--- INFORMATION SHOWN ---

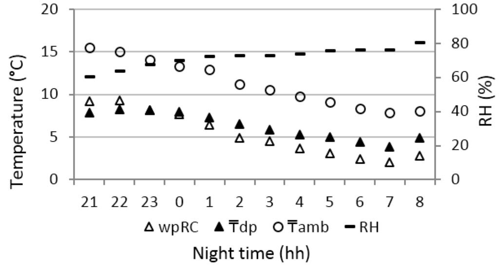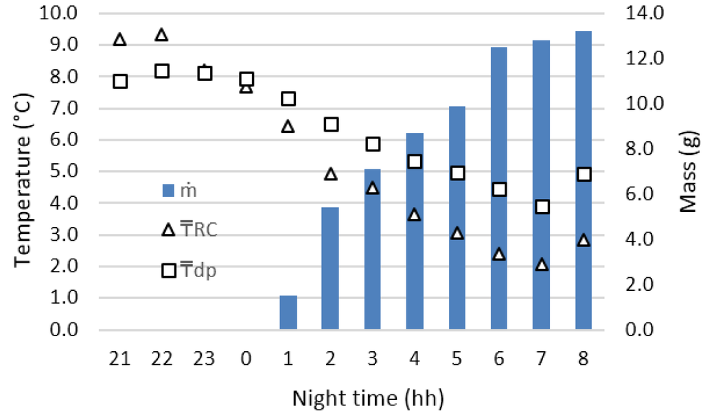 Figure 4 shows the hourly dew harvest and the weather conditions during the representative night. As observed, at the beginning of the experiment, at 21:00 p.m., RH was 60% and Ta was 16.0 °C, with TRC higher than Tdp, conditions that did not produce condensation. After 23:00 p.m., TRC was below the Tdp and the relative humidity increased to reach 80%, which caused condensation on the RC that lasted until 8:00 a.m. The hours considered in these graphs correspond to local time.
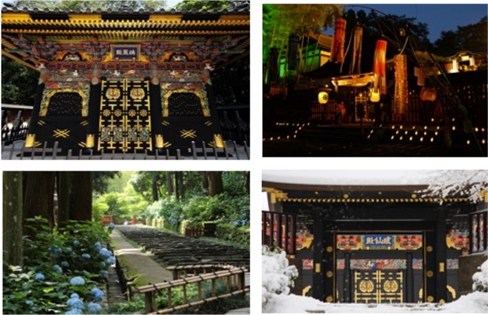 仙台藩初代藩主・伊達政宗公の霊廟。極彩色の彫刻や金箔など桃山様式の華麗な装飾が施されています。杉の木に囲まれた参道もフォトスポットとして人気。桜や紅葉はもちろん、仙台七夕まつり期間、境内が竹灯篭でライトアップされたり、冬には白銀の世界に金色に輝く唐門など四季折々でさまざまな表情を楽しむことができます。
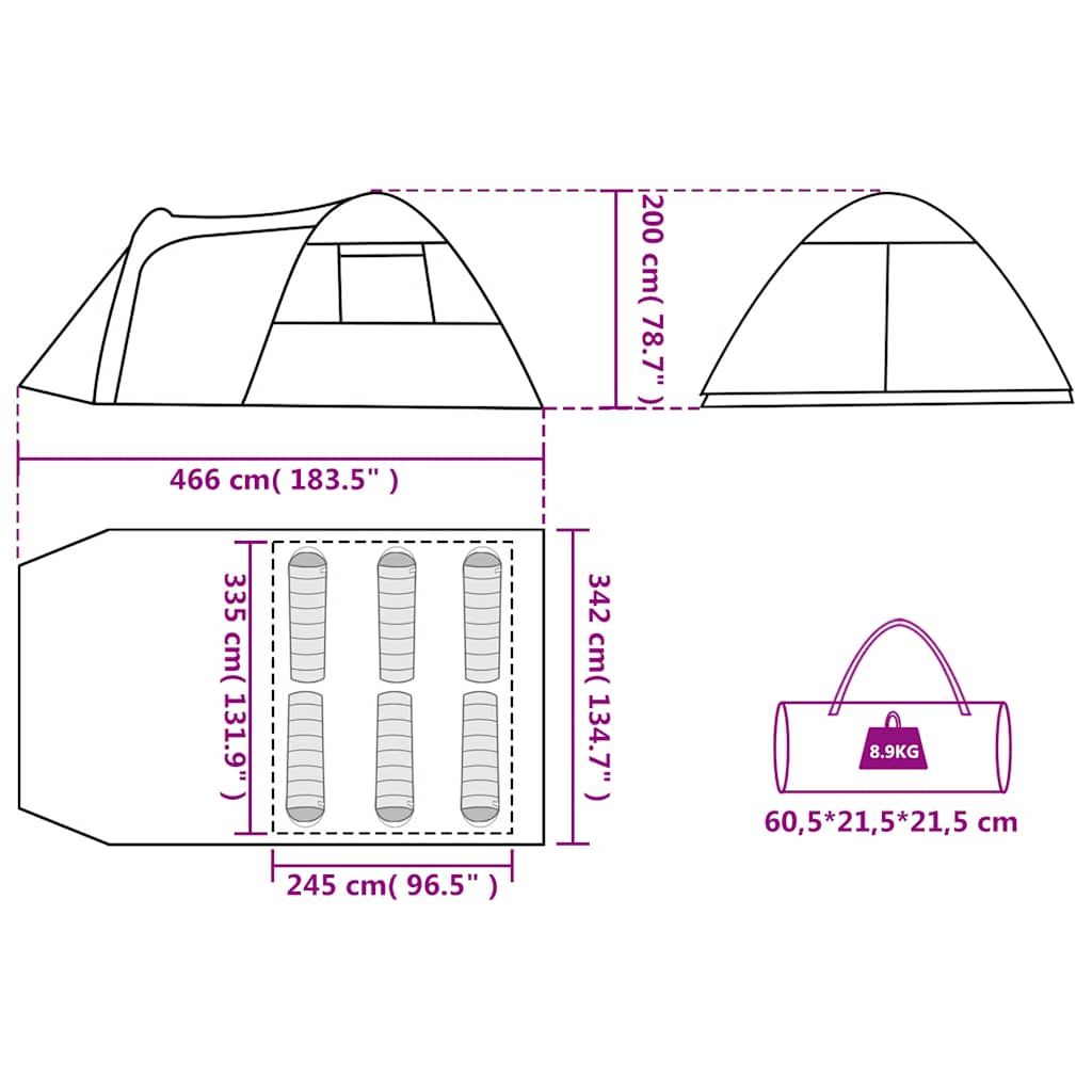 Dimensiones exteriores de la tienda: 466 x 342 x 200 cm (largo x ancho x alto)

---

WHAT YOU NEED TO DO: Exclude every image and return the material above exactly.

ANSWER TO THIS PROBLEM:
 Figure 4 shows the hourly dew harvest and the weather conditions during the representative night. As observed, at the beginning of the experiment, at 21:00 p.m., RH was 60% and Ta was 16.0 °C, with TRC higher than Tdp, conditions that did not produce condensation. After 23:00 p.m., TRC was below the Tdp and the relative humidity increased to reach 80%, which caused condensation on the RC that lasted until 8:00 a.m. The hours considered in these graphs correspond to local time.
 仙台藩初代藩主・伊達政宗公の霊廟。極彩色の彫刻や金箔など桃山様式の華麗な装飾が施されています。杉の木に囲まれた参道もフォトスポットとして人気。桜や紅葉はもちろん、仙台七夕まつり期間、境内が竹灯篭でライトアップされたり、冬には白銀の世界に金色に輝く唐門など四季折々でさまざまな表情を楽しむことができます。
 Dimensiones exteriores de la tienda: 466 x 342 x 200 cm (largo x ancho x alto)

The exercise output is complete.